Just sort the constructor names.

I suppose records are more problematic.

type alias SomeRec =
 { a : Int
 , b : Int

Do you take a or b as coming first in the lexicographical sort?

Is { a = 1, b = 2 } < { a = 2, b = 1 } because you compare the as first, or the other way because you compare the bs first.

Yes, it would absolutely be possible to make custom types and records comparable. However, there are (at least) three things you need to think about:

  1. The order for these types should be well-defined and predictable. That would probably mean sorting record fields alphabetically and custom constructors either alphabetically or in source order.
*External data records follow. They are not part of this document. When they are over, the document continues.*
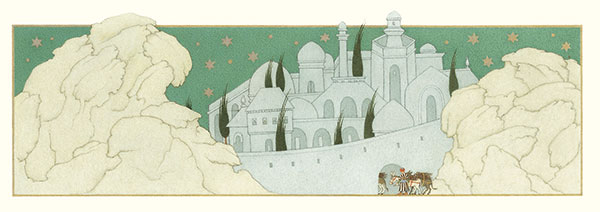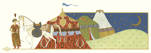 И вот выехал из ворот города караван верблюдов, груженных дорогой одеждой, золотом и драгоценными камнями. А впереди двигался большой отряд придворных, воинов и слуг. Путь их лежал в далекий Самарканд.
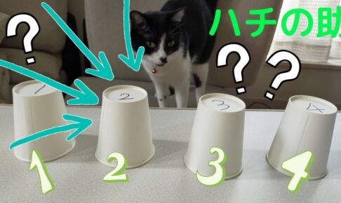飼い主さんが紙コップに鈴を入れて紙コップを移動させて、ハチワレ猫ちゃんが鈴の入った紙コップを選んで当てるゲームです。
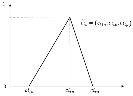 If triangular fuzzy numbers are considered in the form , where rj, cj, and Rj correspond to the left (optimistic), center, and right (pessimistic) values, the membership function is given in the following way:
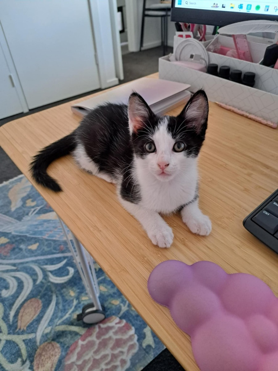 This charming young cat is the kind who will seek you out for snuggles, effortlessly curling up in your arms for a nap or lounging on your desk to keep you company as you work. Her curious nature and confident demeanor make her a delightful companion, always eager to explore her surroundings and engage in new adventures.

  2. If you make custom types comparable, built-in types such as List a (for comparable a) should also be comparable. But then you get back to the problems I mentioned in my last post that Elm doesn’t allow you to specify that a type variable should be both comparable and appendable.

  3. The order defined in this way carries basically no semantic information. It is just a convenience to allow you to use more types in Dicts and such.

The difference between equalable and comparable is generality. equalable does not need ordering.
So, it is difficult to define a record as comparable. However, to define as equalable is possible.

But I need to think about custom types because They can contain functions without type annotation (however, variants are defined before compiling).
I do not know inside the Elm compiler, so I do not know also how much effort is needed to implement it.

What do you think about it?
I want to decide the conclusion about whether it should be implemented or not.

If you had some unclear things due to my cheep English, please ask me.